Other top Republicans, including presidential candidate Haley and former Vice President Mike Pence, jumped on DeSantis’ “territorial dispute” comments, forcing him to walk back the remarks. DeSantis claimed he had been mischaracterized and called Putin a “war criminal.”

In an interview with Piers Morgan on Fox Nation, DeSantis said his earlier comments referenced ongoing fighting in Donbas, as well as Russia’s annexation of Crimea.


“What I’m referring to is where the fighting is going on now, which is that eastern border region Donbas, and then Crimea, and you have a situation where Russia has had that. I don’t think legitimately, but they had,” DeSantis struggled to articulate. “There’s a lot of ethnic Russians there. So, that’s some difficult fighting, and that’s what I was referring to, and so it wasn’t that I thought Russia had a right to that, and so if I should have made that more clear, I could have done it.”

Worries about Trump

Daniel Vajdich, president of Yorktown Solutions, which lobbies on behalf of Ukraine in Washington, told CBS on Wednesday that Trump’s unpredictable nature is a greater “cause of concern for decisionmakers in Kyiv.”

“We don’t know what a Trump administration will look like,” he said. “If it’s the more conventional national security hands that we saw in his first administration, then things will remain pretty stable. If not, that’s where the concern is.”

Vajdich claimed that Ukrainian government officials were less concerned about the prospects of a DeSantis presidency since the governor’s voting record from his time as a congressman in Washington reflected a hawkish approach to Russia.

Publicly, CBS reported, Ukrainian officials continue to project optimism that bipartisan US support for their war effort will not falter.

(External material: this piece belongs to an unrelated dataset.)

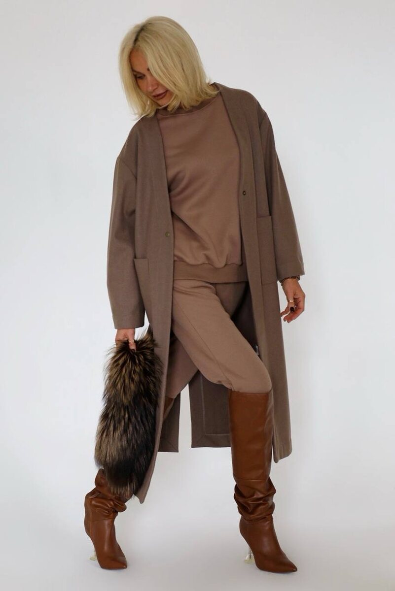 Костюм со свитшотом без капюшона, без принтов Цена: 5800₽ Размеры: M, L Состав: 80% хлопок, 20% пэ Утеплитель: начес барашек 📌Размерная сетка: Мерки костюма со свитшотом: — Размер М: Худи: длина 62, ширина 57, длина рукава 48 Брюки: длина 103, ширина по линии бедер 48, резинка 34-45 — Размер L: Худи: длина 69, ширина 61, длина рукава 51 Брюки: длина 105, ширина по линии бедер 51, резинка 37-52 На модели размер: L Параметры: 96/68/96 / 182 Пальто-кимоно в японском стиле: https://dzen.ru/media/matrosova/paltokimono-v-iaponskom-stile--13500-68ecedac4186d5225ef398c8 Пишите нашему менеджеру @Matrosova (+79022237939)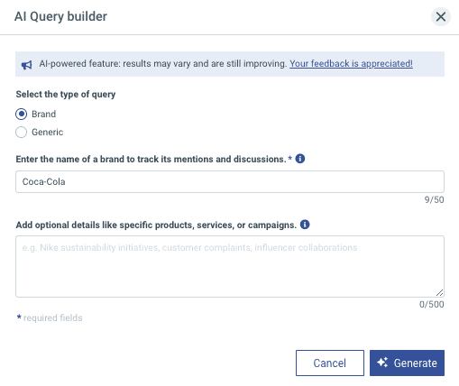 To narrow your results, you’ll use Boolean operators. You can build your query manually. Or you can use the AI Query builder in Talkwalker to build a precise query automatically.

“It’s in the national interest of the United States of America to support Ukraine… It’s not like some far-away proxy war which has no bearing on the future of America,” Yuri Sak, an advisor to Ukraine’s defense minister, told CBS. “It’s a very straightforward war that is straightforwardly connected to the national security of the United States.”

Mefford prescribes a large grain of salt regarding DeSantis and the Republic primaries and their impact on Ukraine policy.

“If DeSantis wins the [Republican Presidential] primaries and then wins the general election – both two big “ifs” – then, maybe, it’s a matter of concern. However, what candidates say in a primary when appealing to the base voters, versus what they say in the general election when appealing to the center, and then what they do if actually elected, is often three different matters,” Mefford said.

DeSantis has spent most of his career in public service and government.

Following Yale and then Harvard Law School, he was commissioned as an officer in the US Navy. Upon graduation, he joined the Judge Advocate General Corps as an attorney.


In that role, he was assigned to the military prison camp at Guantanamo Bay where he oversaw the treatment of detainees. Later, he was deployed to Iraq as a legal advisor to the Navy’s SEAL Team One.

After briefly working an assistant US attorney in Florida, DeSantis successfully stood for a US congressional seat in 2012. He served in Congress until running for governor in 2018 and was re-elected in a landslide in 2022.